- Born: 1900 London, England
- Died: 1980 (aged 79–80)
- Known for: Painting, Engraving, Illustration

= Cecil Mary Leslie =

British painter

Cecil Mary Leslie (1900–1980) was an engraver, portrait painter, sculptor and illustrator.

==Biography==
Leslie was born in London and studied at the Heatherley School of Fine Art in 1919 and then at the London School of Photolithography and Engraving and the Central School of Arts and Crafts. She taught at the Grosvenor School of Modern Art.

From 1923 until 1939 Leslie exhibited works at the Royal Academy in London, with the Society of Women Artists, the Royal Glasgow Institute of the Fine Arts, the Walker Art Gallery in Liverpool, the New English Art Club, the Royal Society of British Artists, the Royal Cambrian Academy of Art and at the Royal Scottish Academy.
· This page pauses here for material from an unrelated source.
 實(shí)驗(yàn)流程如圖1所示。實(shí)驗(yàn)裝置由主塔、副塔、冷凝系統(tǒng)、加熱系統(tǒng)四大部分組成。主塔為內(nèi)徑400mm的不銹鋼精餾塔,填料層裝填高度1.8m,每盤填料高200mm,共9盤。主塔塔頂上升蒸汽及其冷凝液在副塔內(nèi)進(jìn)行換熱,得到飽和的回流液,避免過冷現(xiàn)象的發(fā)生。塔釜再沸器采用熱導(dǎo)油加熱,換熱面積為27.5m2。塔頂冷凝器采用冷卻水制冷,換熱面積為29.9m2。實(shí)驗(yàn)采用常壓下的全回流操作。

Leslie also exhibited in the United States, France, Czechoslovakia, the Netherlands, Australia and New Zealand. Her home was in Blakeney, Norfolk.
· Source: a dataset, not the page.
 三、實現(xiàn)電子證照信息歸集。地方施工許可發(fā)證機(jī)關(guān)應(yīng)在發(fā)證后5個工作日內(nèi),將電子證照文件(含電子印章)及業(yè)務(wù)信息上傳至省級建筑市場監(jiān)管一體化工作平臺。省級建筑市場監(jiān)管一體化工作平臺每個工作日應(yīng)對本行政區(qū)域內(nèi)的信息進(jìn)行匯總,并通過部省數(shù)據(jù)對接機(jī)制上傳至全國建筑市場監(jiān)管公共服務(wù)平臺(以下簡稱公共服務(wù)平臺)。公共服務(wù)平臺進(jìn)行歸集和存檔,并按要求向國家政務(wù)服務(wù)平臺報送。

Cecil Leslie illustrated the Puffin editions of the classic Heidi (1956) and E. Nesbit's The Story of the Treasure Seekers (1958), The Wouldbegoods (1958) and The Enchanted Castle (1964). She also illustrated many of Pauline Clarke's books, including the Carnegie Medal winner, The Twelve and the Genii, and several other children's books by Rose Fyleman and Alison Uttley, among others.